Dal punto di vista psicosociale era un fenomeno sconvolgente, un segreto da nascondere perché la cultura del tempo
viveva come una vergogna la sterilità e tutto ciò che violava la normalità della filiazione biologica. L’adozione oggi ha
conquistato uno statuto di legittimità nell’ambito della società. Dolto e altri psicoterapeuti hanno infatti sottolineato
non solo l’importanza della gestazione e del rapporto madre-bambino, ma anche la centralità dei legami di sicurezza
creati dai genitori adottivi. Si è trasformata da diritto della famiglia di avere un erede a diritto del bambino di trovare
ambiente di affetti in cui crescere.
La formazione può aiutare la famiglia a potenziare le loro risorse, per apprendere e ascoltare i figli senza cedere a una
narrazione. Molti bambini hanno avuto storie difficili, tutti esperienze di abbandono.

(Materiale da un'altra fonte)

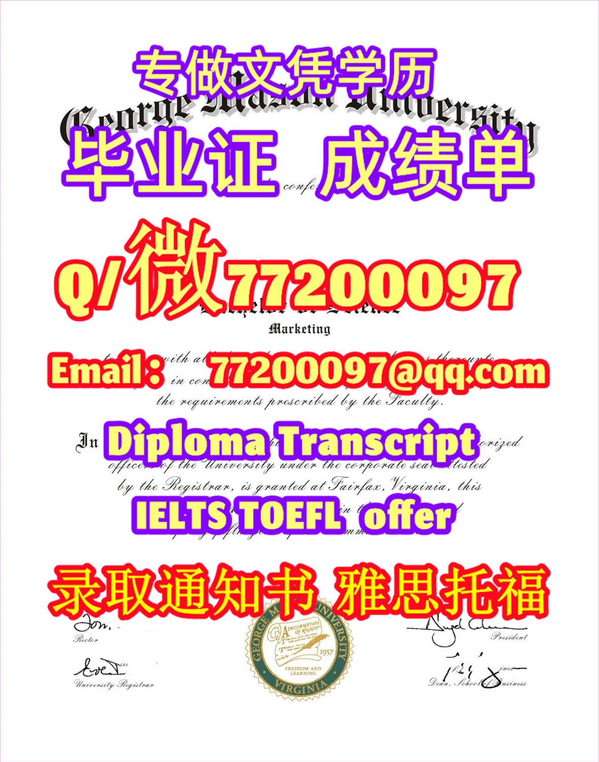 美国学历升级GMU毕业证书定制乔治梅森大学学位证书Q/微:77200097有GMU文凭证书精仿GMU学位证书能办GMU成绩单制作乔治梅森大学文凭证书雅思托福George Mason University Bachelor/Master Diploma Degree Transcript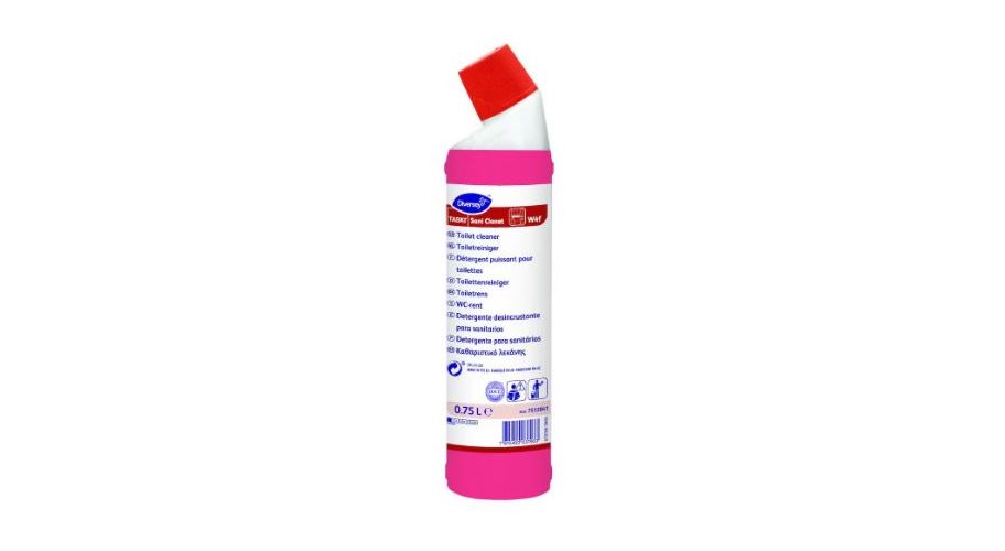 Taski Sani Clonet is een gebruiksklare, krachtige toiletreiniger en ontkalker, verpakt in flessen van 750 ml en geleverd in een set van 6 stuks. Dit product is speciaal ontwikkeld voor de effectieve verwijdering van kalkaanslag in toiletpotten en urinoirs. Dankzij de combinatie van verschillende zuren biedt Taski Sani Clonet een snelle en efficiënte oplossing voor het ontkalken van sanitaire oppervlakken.

Un modello multidimensionale, lo stress e coping che considera fattori di sviluppo e ambiente sociale. L’assunto
centrale è che l’adozione è comunque legata ad eventi che possono provocare ansie, paure, confusione, tristezza. Un
aspetto particolare dell’adozione internazionale è quello della possibilità di dotare anche i genitori adottivi di
competenze interculturali. Il bambino adottato di un’altra cultura è persona in crescita, con alcuni tratti innati, varie
esperienze assorbite già nei primi mesi e anni, ma soprattutto aperto al cambiamento e alle influenze dall’esterno. Le
differenze culturali vengono sfumate in un contesto di vita trasversale con caratteristiche comuni da un capo all’altro
del mondo. La famiglia adottiva costruisce una base sicura attraverso routines e rituali, mette a punto nuovi legami,
ascolta le domande. Con la formazione e sostegno dei servizi è possibile rafforzare le risorse della famiglia. Forma di
accoglienza è affidamento familiare (legge 184/1983) che consente di non interrompere legami con la famiglia
d’origine nel caso pregiudicasse interesse del bambino. Relazione a tre. Affidamento è consensuale e temporaneo
gestito dai servizi sociali territoriali. L’affido professionale prevede che uno dei genitori diventi referente con
contratto di lavoro all’interno di un progetto ad hoc per bambino. Famiglie accoglienti ma bisognose di intervento.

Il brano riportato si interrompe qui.